--- START ---

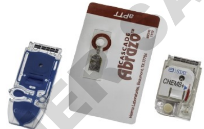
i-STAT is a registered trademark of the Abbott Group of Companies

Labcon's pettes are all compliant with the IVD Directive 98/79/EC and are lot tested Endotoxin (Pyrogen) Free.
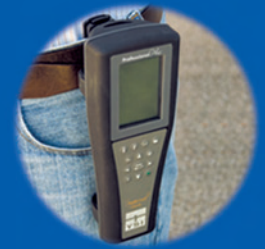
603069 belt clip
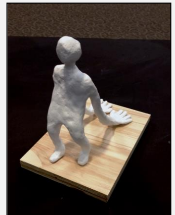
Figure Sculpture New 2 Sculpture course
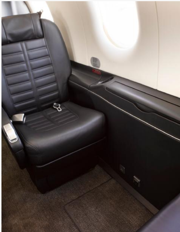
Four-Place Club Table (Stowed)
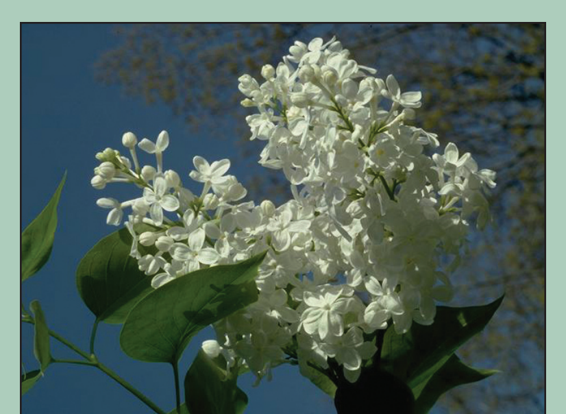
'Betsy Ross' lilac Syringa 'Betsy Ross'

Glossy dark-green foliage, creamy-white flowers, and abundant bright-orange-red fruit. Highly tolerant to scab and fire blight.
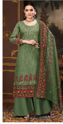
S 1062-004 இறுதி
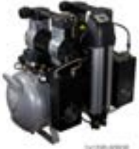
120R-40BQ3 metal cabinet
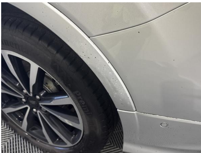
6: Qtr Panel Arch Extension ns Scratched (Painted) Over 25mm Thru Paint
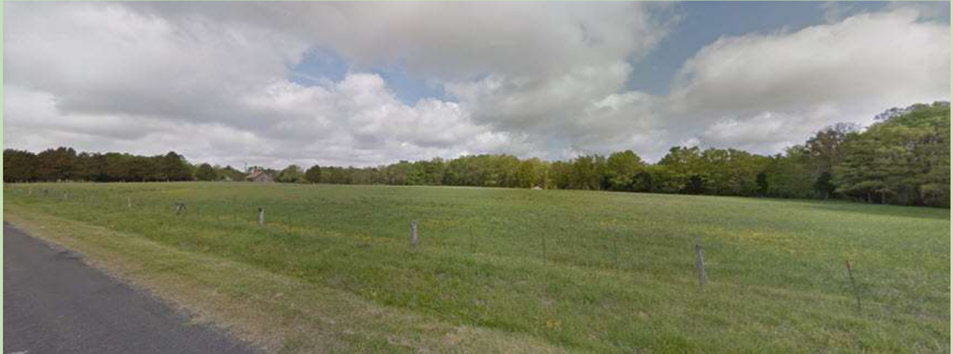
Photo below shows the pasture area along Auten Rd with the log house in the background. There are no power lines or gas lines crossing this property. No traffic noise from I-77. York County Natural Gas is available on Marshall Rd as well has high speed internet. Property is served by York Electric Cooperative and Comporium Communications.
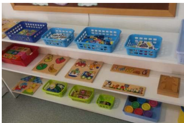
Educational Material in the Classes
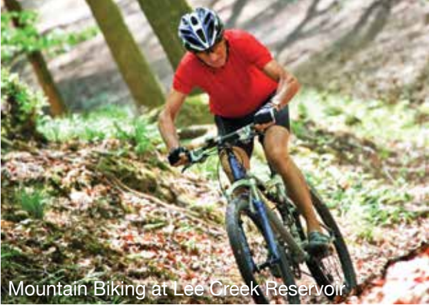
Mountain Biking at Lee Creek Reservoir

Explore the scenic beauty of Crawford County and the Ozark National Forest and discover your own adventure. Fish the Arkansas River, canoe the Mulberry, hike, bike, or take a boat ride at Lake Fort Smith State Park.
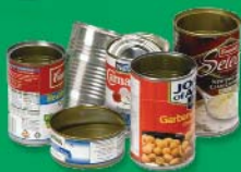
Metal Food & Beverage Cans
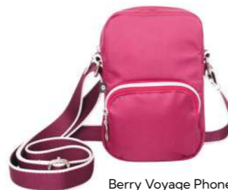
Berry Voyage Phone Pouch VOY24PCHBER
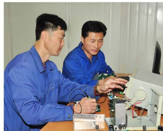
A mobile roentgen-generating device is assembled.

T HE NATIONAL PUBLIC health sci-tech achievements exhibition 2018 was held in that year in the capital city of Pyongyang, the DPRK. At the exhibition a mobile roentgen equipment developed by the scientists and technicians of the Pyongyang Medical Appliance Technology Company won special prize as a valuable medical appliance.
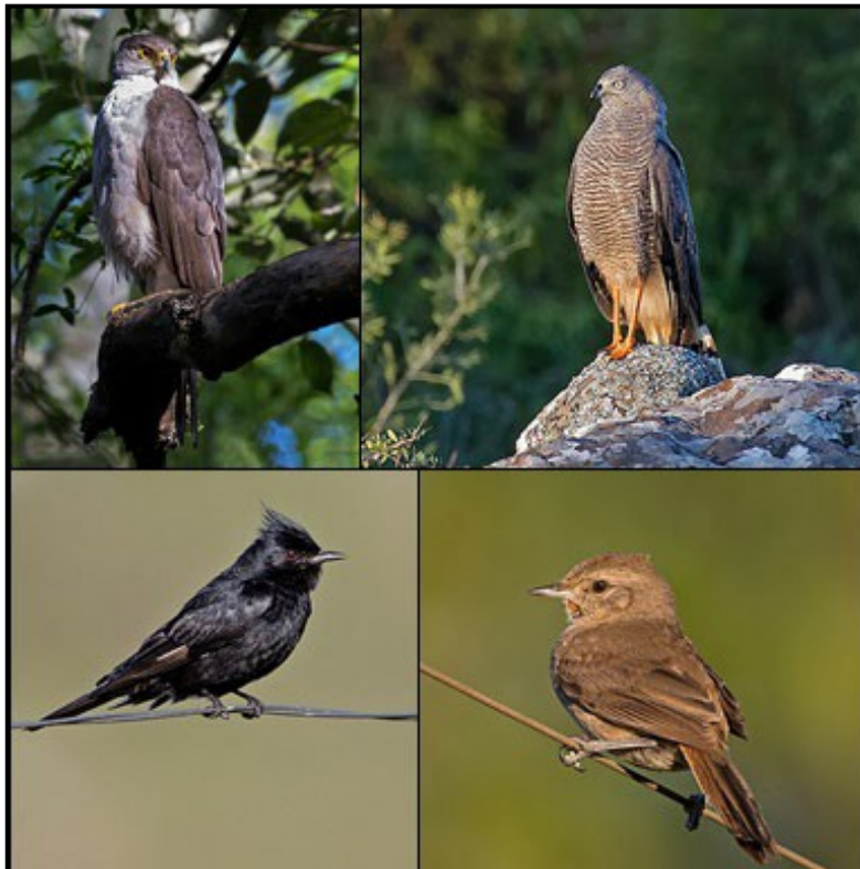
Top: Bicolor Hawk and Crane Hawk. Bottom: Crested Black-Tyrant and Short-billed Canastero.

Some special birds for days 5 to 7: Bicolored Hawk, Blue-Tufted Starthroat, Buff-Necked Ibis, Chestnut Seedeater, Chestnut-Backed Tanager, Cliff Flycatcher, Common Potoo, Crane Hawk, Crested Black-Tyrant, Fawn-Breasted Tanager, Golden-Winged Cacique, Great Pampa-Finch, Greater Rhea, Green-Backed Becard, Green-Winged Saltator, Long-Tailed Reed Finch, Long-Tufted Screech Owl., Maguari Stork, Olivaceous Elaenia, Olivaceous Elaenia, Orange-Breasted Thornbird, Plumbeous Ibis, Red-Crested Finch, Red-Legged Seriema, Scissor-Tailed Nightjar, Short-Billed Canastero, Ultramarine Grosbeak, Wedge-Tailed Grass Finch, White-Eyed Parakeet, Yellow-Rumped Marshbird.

--- END ---

Copy out all the entries precisely. No images.

• Solution to this problem:
i-STAT is a registered trademark of the Abbott Group of Companies

Labcon's pettes are all compliant with the IVD Directive 98/79/EC and are lot tested Endotoxin (Pyrogen) Free.
603069 belt clip
Figure Sculpture New 2 Sculpture course
Four-Place Club Table (Stowed)
'Betsy Ross' lilac Syringa 'Betsy Ross'

Glossy dark-green foliage, creamy-white flowers, and abundant bright-orange-red fruit. Highly tolerant to scab and fire blight.
S 1062-004 இறுதி
120R-40BQ3 metal cabinet
6: Qtr Panel Arch Extension ns Scratched (Painted) Over 25mm Thru Paint
Photo below shows the pasture area along Auten Rd with the log house in the background. There are no power lines or gas lines crossing this property. No traffic noise from I-77. York County Natural Gas is available on Marshall Rd as well has high speed internet. Property is served by York Electric Cooperative and Comporium Communications.
Educational Material in the Classes
Mountain Biking at Lee Creek Reservoir

Explore the scenic beauty of Crawford County and the Ozark National Forest and discover your own adventure. Fish the Arkansas River, canoe the Mulberry, hike, bike, or take a boat ride at Lake Fort Smith State Park.
Metal Food & Beverage Cans
Berry Voyage Phone Pouch VOY24PCHBER
A mobile roentgen-generating device is assembled.

T HE NATIONAL PUBLIC health sci-tech achievements exhibition 2018 was held in that year in the capital city of Pyongyang, the DPRK. At the exhibition a mobile roentgen equipment developed by the scientists and technicians of the Pyongyang Medical Appliance Technology Company won special prize as a valuable medical appliance.
Top: Bicolor Hawk and Crane Hawk. Bottom: Crested Black-Tyrant and Short-billed Canastero.

Some special birds for days 5 to 7: Bicolored Hawk, Blue-Tufted Starthroat, Buff-Necked Ibis, Chestnut Seedeater, Chestnut-Backed Tanager, Cliff Flycatcher, Common Potoo, Crane Hawk, Crested Black-Tyrant, Fawn-Breasted Tanager, Golden-Winged Cacique, Great Pampa-Finch, Greater Rhea, Green-Backed Becard, Green-Winged Saltator, Long-Tailed Reed Finch, Long-Tufted Screech Owl., Maguari Stork, Olivaceous Elaenia, Olivaceous Elaenia, Orange-Breasted Thornbird, Plumbeous Ibis, Red-Crested Finch, Red-Legged Seriema, Scissor-Tailed Nightjar, Short-Billed Canastero, Ultramarine Grosbeak, Wedge-Tailed Grass Finch, White-Eyed Parakeet, Yellow-Rumped Marshbird.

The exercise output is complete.